PROBLEM DETAILS >> For every line below, output the text exactly and leave out images.

INFORMATION SHOWN >>
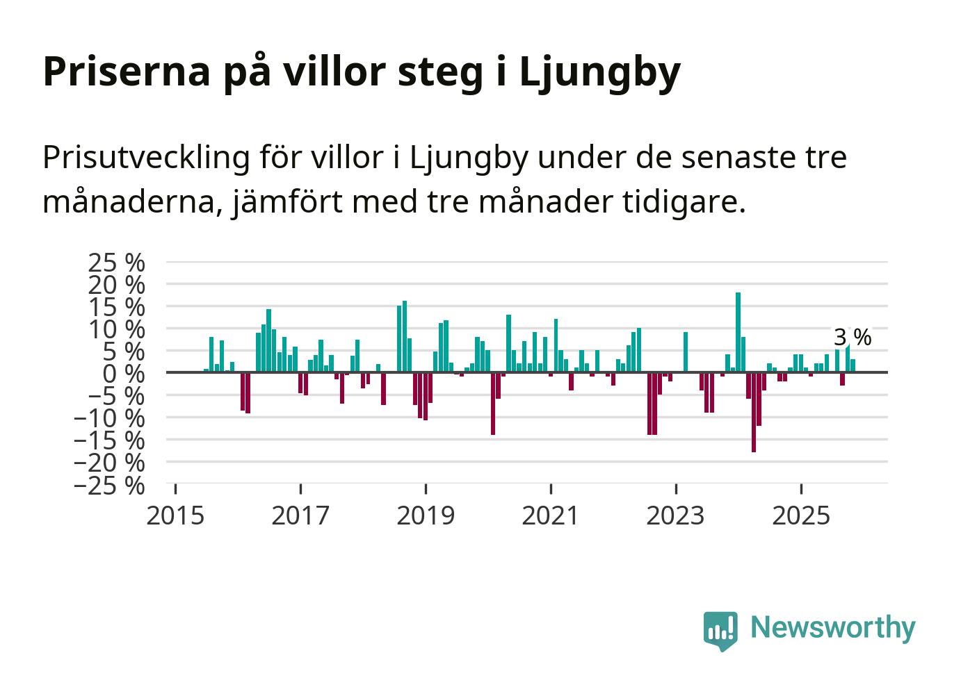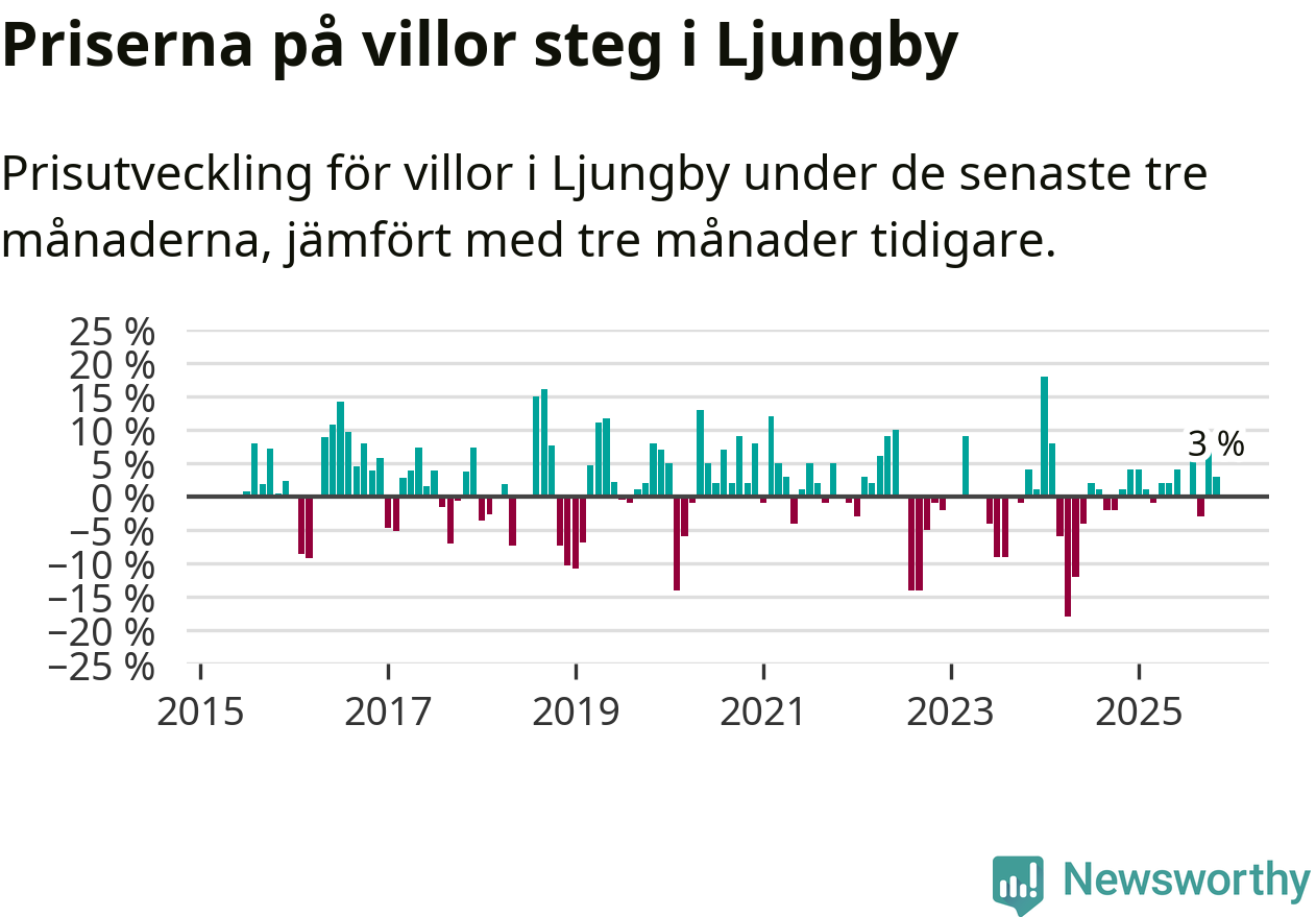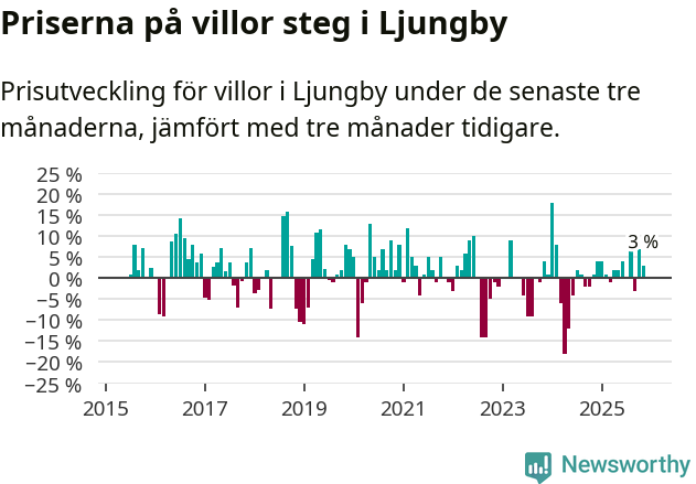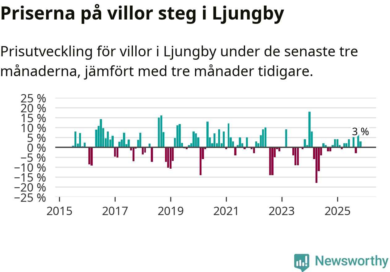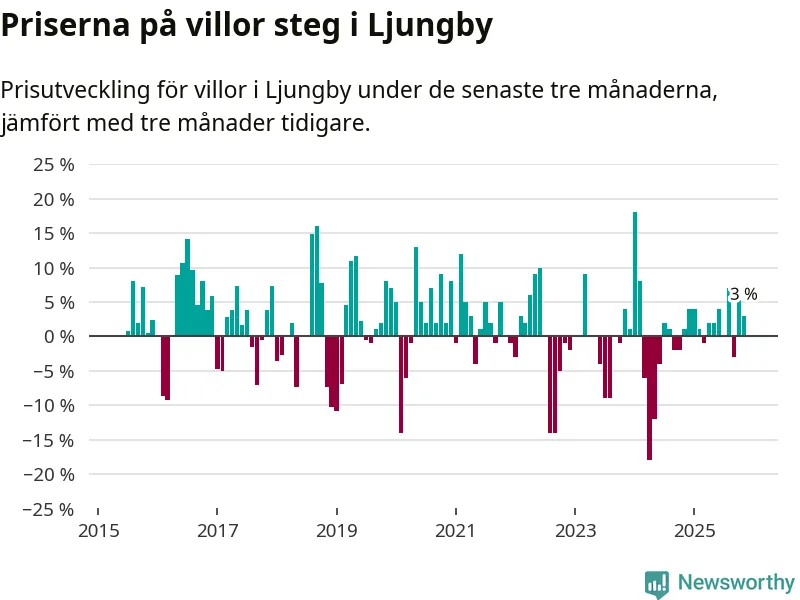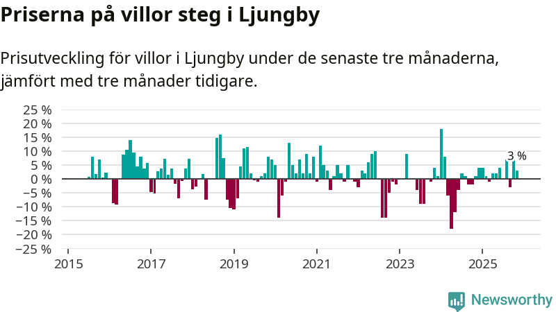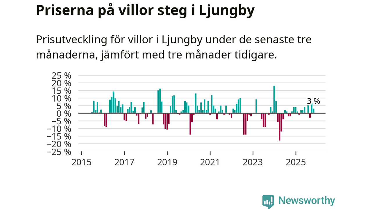 Villapriserna har gått upp i Ljungby kommun. Medelpriset på försäljningarna under de senaste tre månaderna visar på en uppgång med 3 procent.
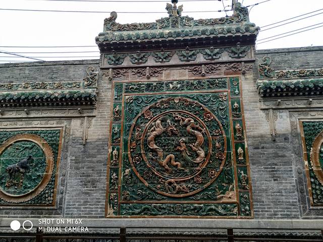 琉璃照壁整组图案繁复精美,纹饰复杂。
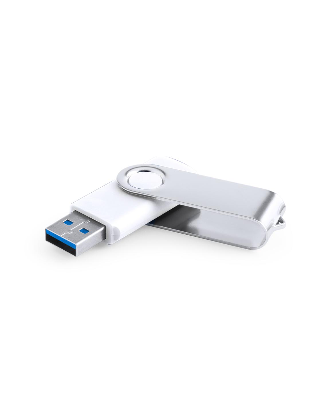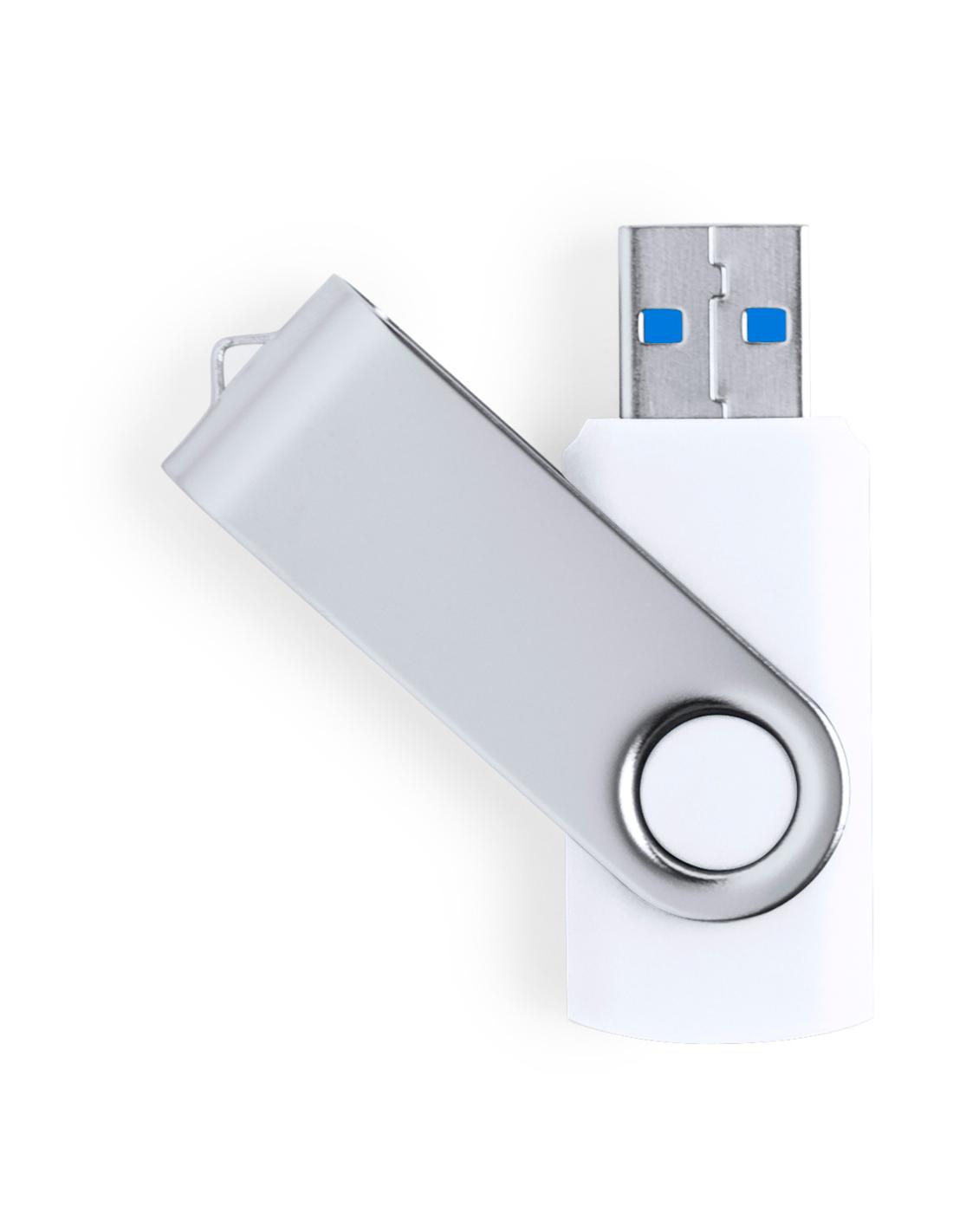 Memoria USB 3.0 de 16GB de capacidad. Con clip metálico y cuerpo de suave acabado en color blanco. Presentada en estuche individual.
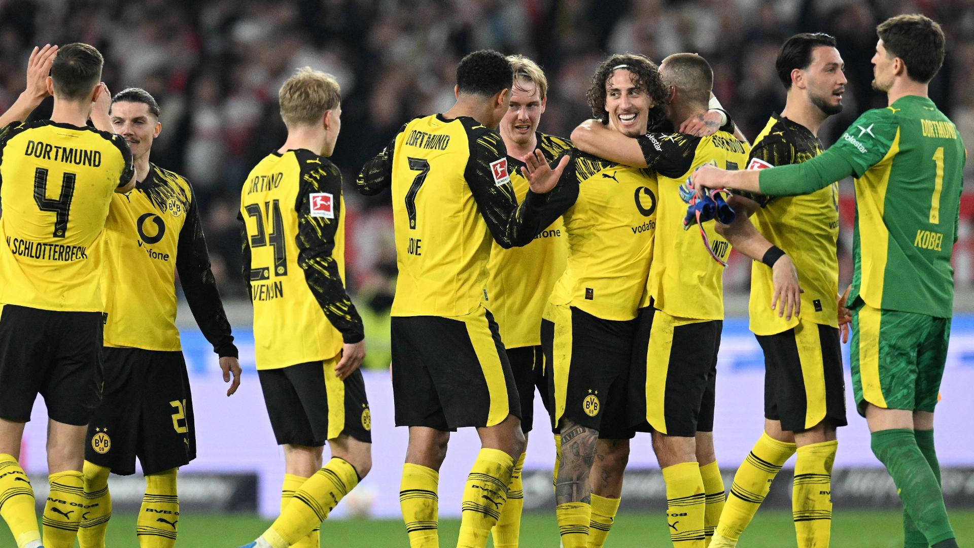 Borussia Dortmund gets added time goals from Karim Adeyemi and Julian Brandt to beat VfB Stuttgart on the road.

TASK ANSWER >>
 Villapriserna har gått upp i Ljungby kommun. Medelpriset på försäljningarna under de senaste tre månaderna visar på en uppgång med 3 procent.
 琉璃照壁整组图案繁复精美,纹饰复杂。
 Memoria USB 3.0 de 16GB de capacidad. Con clip metálico y cuerpo de suave acabado en color blanco. Presentada en estuche individual.
 Borussia Dortmund gets added time goals from Karim Adeyemi and Julian Brandt to beat VfB Stuttgart on the road.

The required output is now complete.